## Extracted information
#####

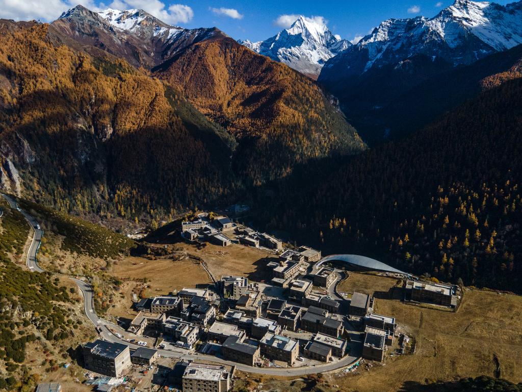 這是位于四川省甘孜藏族自治州稻城亞丁景區(qū)內(nèi)的亞丁村(10月31日攝,無人機(jī)照片)。新華社記者 儲加音 攝
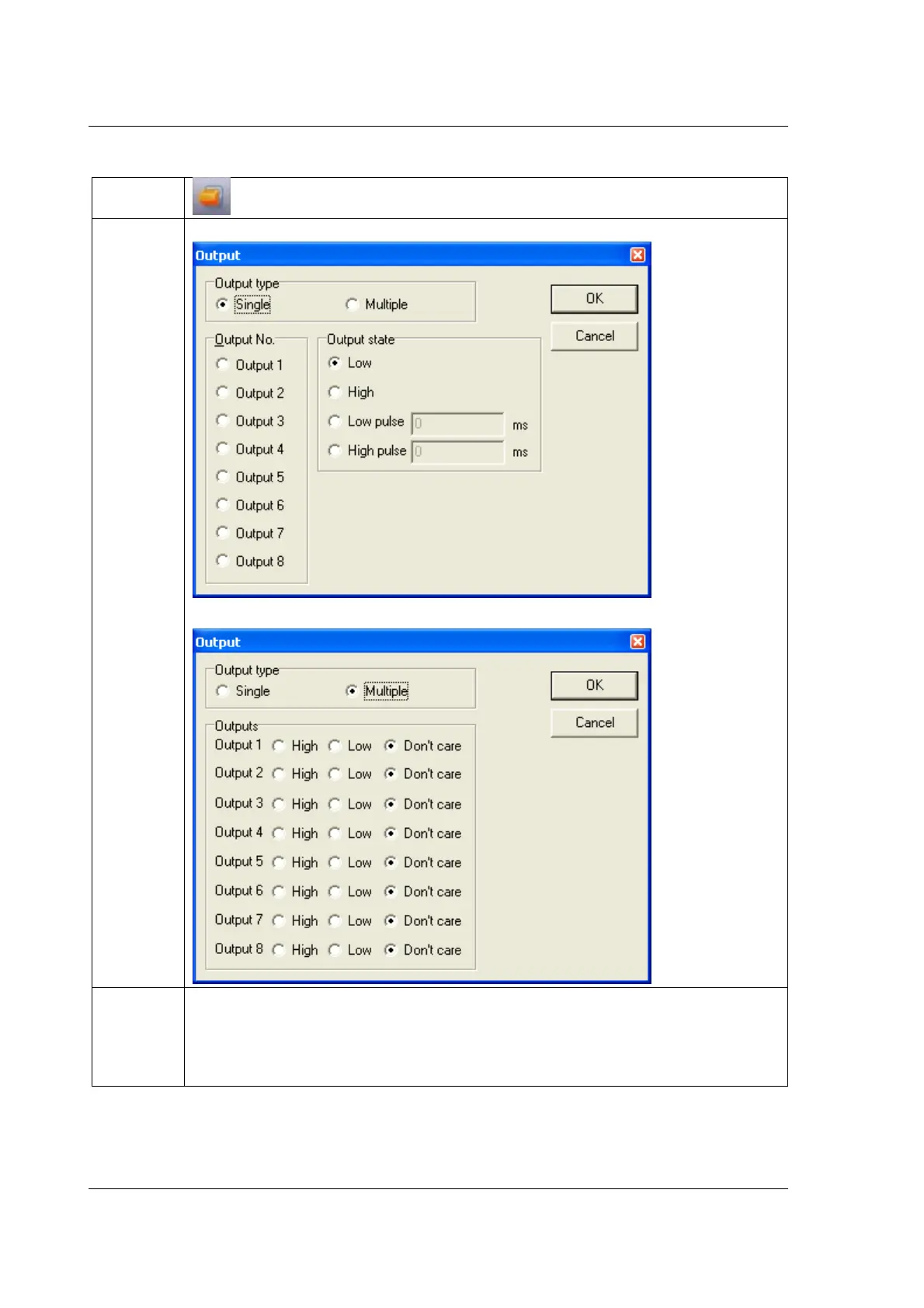 Function: Sets one or more outputs. When setting a single output, you can set it to high,
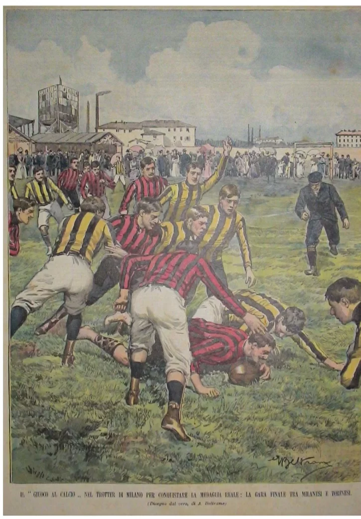Anche se il gioco con le mani fu vietato, era tuttavia ancora facile confondere i due sport, già popolarissimi sul finire dell’Ottocento; ciò è confermato da diverse raffigurazioni artistiche dell’epoca prodotte in Inghilterra, nelle quali scene di football mostrano nutrite mischie di persone che si contendono un pallone, talvolta ovale, sia con le mani che con i piedi; e buona parte dei giocatori sono raffigurati a terra, perfino calpestati! Nella fig. A.9 abbiamo la prima illustrazione calcistica apparsa su un quotidiano italiano: è uno dei primissimi disegni del famoso illustratore Beltrame, eseguito dal vivo durante una partita di calcio a Milano nel 1902.
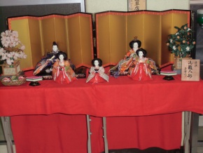 いつもおいしい給食を作ってくれる渡辺さんが、雛人形を作ってきて下さいました。
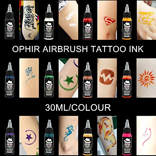 OPHIR 12x30ML/Bottle Airbrush Body Art Inks Pigment for Airbrushing Temporary Tattoo Airbrush Body Tattoo Colors

#####

## What you are asked to do
Repeat only what lies between the start of the data and the end of the line containing "Function: Sets one", exactly, with pictures left out.

## Answer space
 這是位于四川省甘孜藏族自治州稻城亞丁景區(qū)內(nèi)的亞丁村(10月31日攝,無人機(jī)照片)。新華社記者 儲加音 攝
 Function: Sets one or more outputs. When setting a single output, you can set it to high,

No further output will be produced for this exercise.